Authors: Jonathan Winter*, Dartmouth College, Jose R. Lopez, University of Minnesota, Joshua Elliott, University of Chicago, Alex C. Ruane, NASA Goddard Institute for Space Studies, Cheryl Porter, University of Florida, Gerrit Hoogenboom, University of Florida, Martha Anderson, USDA Agricultural Research Service, Christopher Hain, NASA Marshall Space Flight Center
Topics: Agricultural Geography, Water Resources and Hydrology, Climatology and Meteorology
Keywords: Agriculture, Irrigation, Sustainability, Groundwater, United States
Session Type: Virtual Paper
Start / End Time: 8:00 AM / 9:15 AM
Room: Virtual 46
Presentation File: No File Uploaded
Irrigated farms account for 67% of total groundwater extraction in the United States and $118.5 billion of US agricultural production. However, the current rate of groundwater extraction is unsustainable, especially given historical and projected increases in agricultural water demand. Process-based crop models are able to assess the response of agricultural production to reduced water availability. However, irrigated agricultural projections that directly simulate the impacts of water supply on yield are few, and typically have simplistic representations of crop growth and irrigation such as unlimited water supply and fixed seasonal irrigation rules.
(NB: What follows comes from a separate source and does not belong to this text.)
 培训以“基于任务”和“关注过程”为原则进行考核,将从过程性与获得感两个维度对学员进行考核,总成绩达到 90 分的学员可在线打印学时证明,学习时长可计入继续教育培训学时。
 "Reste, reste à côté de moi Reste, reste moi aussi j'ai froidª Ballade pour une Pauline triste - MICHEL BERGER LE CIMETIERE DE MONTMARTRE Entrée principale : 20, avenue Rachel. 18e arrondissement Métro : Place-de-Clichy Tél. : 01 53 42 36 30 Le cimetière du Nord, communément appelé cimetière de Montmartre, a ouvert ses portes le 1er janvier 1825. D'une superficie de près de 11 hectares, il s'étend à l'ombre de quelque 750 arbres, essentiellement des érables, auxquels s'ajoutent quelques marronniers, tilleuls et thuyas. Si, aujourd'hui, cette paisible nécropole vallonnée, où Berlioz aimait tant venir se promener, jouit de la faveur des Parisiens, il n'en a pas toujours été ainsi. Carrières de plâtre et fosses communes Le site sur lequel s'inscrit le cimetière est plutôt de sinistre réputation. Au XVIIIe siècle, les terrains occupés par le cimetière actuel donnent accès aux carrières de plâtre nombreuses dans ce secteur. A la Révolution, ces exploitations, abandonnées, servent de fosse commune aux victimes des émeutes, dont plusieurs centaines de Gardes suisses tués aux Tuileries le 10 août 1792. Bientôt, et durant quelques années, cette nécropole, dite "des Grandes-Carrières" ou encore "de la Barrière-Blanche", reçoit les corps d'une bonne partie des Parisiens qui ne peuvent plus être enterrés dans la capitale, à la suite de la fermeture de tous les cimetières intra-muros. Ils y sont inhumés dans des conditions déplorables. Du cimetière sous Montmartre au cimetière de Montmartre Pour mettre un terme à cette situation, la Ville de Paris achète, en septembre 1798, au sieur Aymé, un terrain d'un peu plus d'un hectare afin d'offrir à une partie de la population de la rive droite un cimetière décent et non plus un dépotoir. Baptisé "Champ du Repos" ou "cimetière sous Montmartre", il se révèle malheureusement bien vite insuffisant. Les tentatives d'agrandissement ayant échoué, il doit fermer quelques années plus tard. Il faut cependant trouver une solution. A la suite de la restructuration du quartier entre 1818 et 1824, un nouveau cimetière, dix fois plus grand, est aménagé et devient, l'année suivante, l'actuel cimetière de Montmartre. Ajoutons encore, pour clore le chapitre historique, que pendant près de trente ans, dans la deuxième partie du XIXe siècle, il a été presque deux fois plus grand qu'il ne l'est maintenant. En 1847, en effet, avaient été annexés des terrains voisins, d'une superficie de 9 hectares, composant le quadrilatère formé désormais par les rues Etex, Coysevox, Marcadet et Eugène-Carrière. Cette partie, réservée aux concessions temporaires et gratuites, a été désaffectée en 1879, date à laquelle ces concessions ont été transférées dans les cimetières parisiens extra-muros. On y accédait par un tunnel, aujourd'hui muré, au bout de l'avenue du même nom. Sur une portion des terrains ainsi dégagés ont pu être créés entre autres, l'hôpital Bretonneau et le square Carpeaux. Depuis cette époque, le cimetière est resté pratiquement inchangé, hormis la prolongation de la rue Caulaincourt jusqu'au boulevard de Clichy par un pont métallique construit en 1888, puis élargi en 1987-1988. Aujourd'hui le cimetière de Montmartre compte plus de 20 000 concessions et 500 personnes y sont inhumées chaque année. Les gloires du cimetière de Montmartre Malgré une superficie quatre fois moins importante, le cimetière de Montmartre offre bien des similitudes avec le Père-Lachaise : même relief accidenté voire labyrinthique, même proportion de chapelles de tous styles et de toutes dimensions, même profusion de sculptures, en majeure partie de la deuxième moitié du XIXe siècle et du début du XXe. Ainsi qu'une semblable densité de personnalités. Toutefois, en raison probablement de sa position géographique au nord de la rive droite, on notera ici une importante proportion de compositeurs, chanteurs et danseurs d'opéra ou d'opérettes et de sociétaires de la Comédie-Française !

Here, we integrate a gridded crop model with satellite observations and water survey data to assess the effects of sustainable groundwater withdrawals on US agricultural production. Using the most optimistic assumptions for groundwater extraction, we find that sustainable groundwater use will decrease US irrigated production of maize, soybean, and winter wheat by 20%, 6%, and 25%, respectively. Using more conservative assumptions of groundwater availability, US irrigated production of maize, soybean, and winter wheat decrease by 45%, 37%, and 36%, respectively. These results demonstrate the vulnerability of US agricultural production to unsustainable groundwater pumping, highlighting the difficulty of expanding or even maintaining food production in the face of climate change, population growth, and shifting dietary demands.